We then continued in the live music vein with some live Jethro Tull. Just a few years ago, they put out an excellent recording of their 1970 Isle of Wight Festival appearance (“Nothing is Easy: Live at the Isle of Wight 1970“), with a matching dvd also available (actually, I think it is the other way around – the cd is the companion to the dvd). From that live recording, we heard My Sunday Feeling, My God (an early rendition that preceded its recording for the Aqualung album), and With You There To Help Me.
Continuing with the live music, we next heard from Charles Mingus. Even with his many excellent recordings, one had to hear him perform live in order to grasp the fullest depth of his music. Truly, the live stage was the place where the underlying passion of his music came out best. He expected a lot out of his musicians, and when they didn’t live up to his expectations, he at times would literally chase them off the stage. Happily, we are blessed with a number of fine live recordings, several of which included the great saxophonist Eric Dolphy, possibly Mingus’ greatest musical partner.
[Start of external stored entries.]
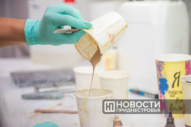 Во время общения с журналистами Ирина берется за очередной заказ. Для начала замешивает все необходимые компоненты, соединяя тягучую, как свежий мед, смолу с красителями. Потом начинается самая важная часть процесса – нанесение смолы разных оттенков на белую заготовку (артборд). Каким будет результат, зависит от особого видения и настроения мастера. В этот медитативный момент Ирина отключается от посторонних мыслей. На время все разговоры в мастерской затихают. Ирину никто не отвлекает.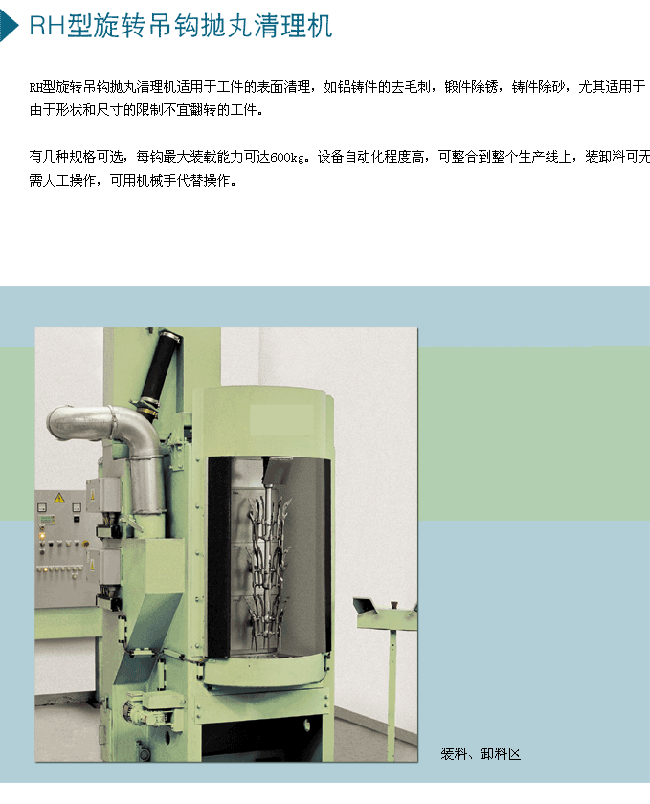 設(shè)計(jì)和操作順序 設(shè)備無需地基,室體主要由旋轉(zhuǎn)的拋丸室組成,拋丸室又分隔為兩部分,拋丸單元和丸料清除單元。每個(gè)分隔單元裝有旋轉(zhuǎn)吊鉤,吊鉤上懸掛被清理的工件。設(shè)備裝料的區(qū)域是敞開的,這樣,當(dāng)工件在一側(cè)室體被拋丸清理時(shí),可以在另一側(cè)室體卸料和裝料。無論室體旋轉(zhuǎn)到下一任何位置時(shí),只要室體停止旋轉(zhuǎn),丸料流立即被切斷。連續(xù)旋轉(zhuǎn)的吊鉤,可以在拋頭前針對(duì)每個(gè)拋丸周期,標(biāo)識(shí)3個(gè)不同的位置,以避免拋丸死角。丸料經(jīng)過分離單元去除雜質(zhì)重新喂到拋丸器里。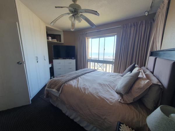 Beautiful four-bedroom unit featuring exceptional sea views, located directly across from the beach. The property includes one full bathroom and two en-suite bathrooms, an open-plan lounge and dining area, a well-appointed fitted kitchen, and air conditioning throughout. The unit offers privacy and security, with access to a swimming pool within the complex and 24-hour security services. The building is well-maintained. For more information or to arrange a viewing, please contact us today.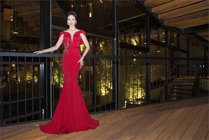 Trong sự kiện diễn ra tối qua (24/1), ngoài chiếc áo dài sắc xuân rực rỡ, cô diện một chiếc đầm khá bắt mắt.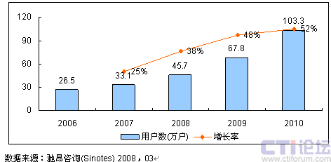 圖1 2008-2010年中國(guó)無線電郵業(yè)務(wù)用戶規(guī)模預(yù)測(cè)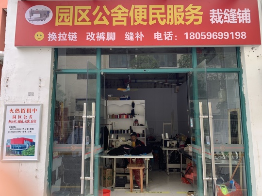 園區(qū)公舍便民服務裁縫鋪位于東吳尚城一層外圍沿街商鋪西首,經營范圍:縫補衣物、修扁褲腳、更換拉鏈等修補衣物業(yè)務。

So, from Mingus at Antibes (a 1960 recording that was originally issued in 1976, with a lineup that consisted of Dolphy, trumpter Ted Curson, Booker Ervin on tenor, and his regular drummer Dannie Richmond; this was probably one of his better lineups), we heard Wednesday Night Prayer Meeting, Prayer for Passive Resistance, and What Love.
Oddly enough, for a show with such an emphasis on live performance, our closing set started with a studio recording from Neil Young, whose reputation for stage excellence is unsurpassed (unfortunately, I found myself dealing with time constraints). So we heard a song that I’d been wanting to play for a few weeks anyway, The Loner (I had brought a live version, but said time constraints would not allow it), then closed the show with his classic The Needle and the Damage Done.